What to do:
Would you repeat exactly the part of the listing below that runs from the line containing "男女に分かれて呼吸器・循環器の発達などのプリントに取り組んでいます。" down to the line containing "서울복지타임즈 이재연 기자", inclusive, and nothing else?

Records shown:
Segment Open
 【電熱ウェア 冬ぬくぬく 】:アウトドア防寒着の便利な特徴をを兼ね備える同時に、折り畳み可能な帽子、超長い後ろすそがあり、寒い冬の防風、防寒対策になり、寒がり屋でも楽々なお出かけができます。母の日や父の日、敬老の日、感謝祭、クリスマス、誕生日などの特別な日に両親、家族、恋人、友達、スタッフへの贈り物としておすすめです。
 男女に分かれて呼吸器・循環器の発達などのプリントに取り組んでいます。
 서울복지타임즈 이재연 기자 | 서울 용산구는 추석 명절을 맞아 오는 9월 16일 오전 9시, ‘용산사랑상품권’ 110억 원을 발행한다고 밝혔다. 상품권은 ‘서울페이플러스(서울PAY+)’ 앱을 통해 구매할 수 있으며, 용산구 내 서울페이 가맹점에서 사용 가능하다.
Segment Closed
Segment Open
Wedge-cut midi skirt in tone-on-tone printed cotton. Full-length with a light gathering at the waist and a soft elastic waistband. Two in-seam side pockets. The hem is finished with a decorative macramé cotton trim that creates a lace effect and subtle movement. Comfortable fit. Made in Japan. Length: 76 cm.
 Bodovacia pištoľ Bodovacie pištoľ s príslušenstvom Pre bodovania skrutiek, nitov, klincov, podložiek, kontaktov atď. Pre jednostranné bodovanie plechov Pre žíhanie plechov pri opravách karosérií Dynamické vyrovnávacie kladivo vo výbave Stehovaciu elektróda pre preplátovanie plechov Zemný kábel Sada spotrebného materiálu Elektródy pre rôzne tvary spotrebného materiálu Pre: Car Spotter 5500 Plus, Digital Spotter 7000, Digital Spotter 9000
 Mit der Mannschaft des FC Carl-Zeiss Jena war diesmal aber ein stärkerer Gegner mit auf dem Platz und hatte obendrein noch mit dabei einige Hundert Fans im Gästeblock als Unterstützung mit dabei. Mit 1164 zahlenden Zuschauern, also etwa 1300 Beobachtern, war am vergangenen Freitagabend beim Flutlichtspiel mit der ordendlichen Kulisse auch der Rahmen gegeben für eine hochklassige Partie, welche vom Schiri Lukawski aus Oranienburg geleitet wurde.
Segment Closed
Solved exercise:
 男女に分かれて呼吸器・循環器の発達などのプリントに取り組んでいます。
 서울복지타임즈 이재연 기자 | 서울 용산구는 추석 명절을 맞아 오는 9월 16일 오전 9시, ‘용산사랑상품권’ 110억 원을 발행한다고 밝혔다. 상품권은 ‘서울페이플러스(서울PAY+)’ 앱을 통해 구매할 수 있으며, 용산구 내 서울페이 가맹점에서 사용 가능하다.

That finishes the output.